A spokesperson for SoundThinking told WIRED earlier this week that ShotSpotter has previously implemented safeguards meant to improve “impartiality” with regard to patrols, as well as other features designed to curb over-policing. The algorithms that drive patrol recommendations use “objective, noncrime data that mitigates potential bias,” the company said, adding that no personally identifiable information is used to determine where patrols are sent.

WIRED reported yesterday that SoundThinking has been quietly acquiring parts of Geolitica—formerly known as PredPol—the maker of an eponymous “predictive policing” tool. Researchers and critics have accused PredPol of perpetuating racial biases in policing by recycling historic crime data that was built on discriminatory police practices.

The danger, critics say, is that data- and AI-driven policing may prove an effective tool for “laundering” racist police conduct, granting it a veneer of scientific authority.

In 2021, Gizmodo and The Markup coauthored an investigation into PredPol and found that in many cases PredPol’s predictions predominantly targeted Black and Latinx residents. In a majority of the jurisdictions where the tool was being used, PredPol had urged police to mainly patrol neighborhoods in which the cities’ poorest people reside. ( The authors of this story were also members of the team that previously investigated PredPol, and EPIC cites the investigation and another Gizmodo report by an author of this story in its letter.)

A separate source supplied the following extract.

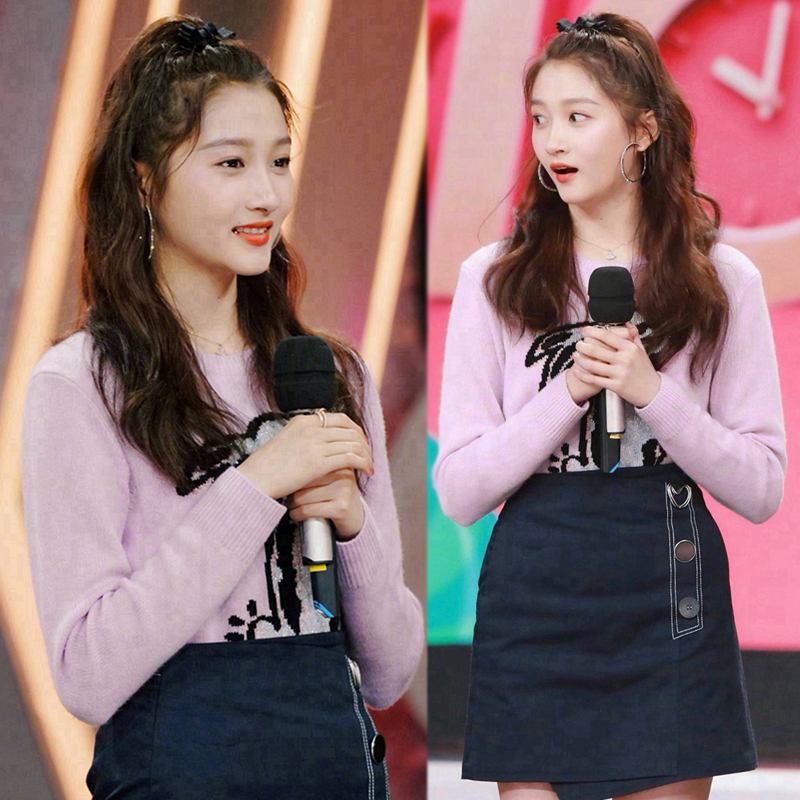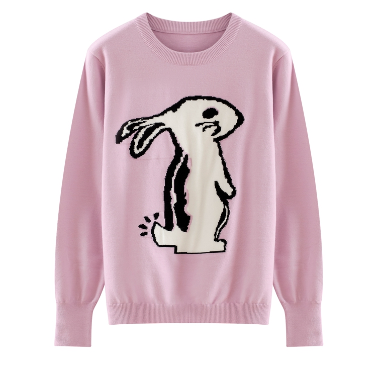 Hong Kong Guan Xiaotong star with the same winter pink round neck white rabbit self-cultivation bottoming knitted sweater sweater top women

“The possibility that ShotSpotter data would be an input for predictive policing tools raises yet another huge red flag,” says Chris Baumohl, an EPIC law fellow. “ShotSpotter has well-documented accuracy issues, and its sensors are placed based on historical crime data, baking in discriminatory policing patterns. Laundering this ‘dirty data’ through predictive policing tools only compounds this discriminatory impact.”

Following the Gizmodo-Markup investigation into PredPol, the Justice Department conceded in 2022 that it was unaware of how often the government was helping local police acquire “predictive policing” technology. For this purpose, it said, the DOJ has no “specific records” of how federal funding is used.